🌮 Super easy, super fast, and... super delicious! It's the perfect recipe for last-minute guests or a quick, yet light and healthy meal. Plus, it's convenient as a base to fill with all the creativity you have, both in savory 🌮🌯 and sweet 🍯🍫 versions.
Put the flours and water in a bowl and mix them well with a whisk, avoiding lumps.
If you suffer from gluten intolerance, replace the whole wheat flour with the same amount of cornstarch or fine rice flour.
Don't worry if the dough seems too liquid. It will thicken during cooking.
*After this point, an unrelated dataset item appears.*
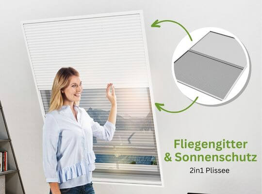 Ein Fliegengitter Plissee ist ähnlich einem Rollo, jedoch wird das Gewebe nicht aufgerollt, sondern gefaltet, wodurch es nicht nur einen edlen Look erhält, sondern auch sehr kompakt wird und somit ideal für Fenster mit Rollokästen und geringer Einbautiefe. Ein stabiler Aluminiumrahmen sorgt für Stabilität, während eine durchgängige Griffschiene einfaches öffnen und schließen ermöglicht. Die umlaufende Dichtungsbürste hält kriechende Insekten ab. Einbautiefe nur 5mm - ideal bei wenig Platz.

Heat a griddle over medium heat or alternatively a non-stick pan, and rub it with a paper towel soaked in oil. This will help the flatbreads detach better.
Fill a ladle with the batter and pour it into the hot pan. Use the bottom of the ladle to draw circles to spread the batter better and create a round and uniform flatbread.
After a few minutes, flip the flatbread using a spatula.
Cook the other side for a few minutes over medium heat.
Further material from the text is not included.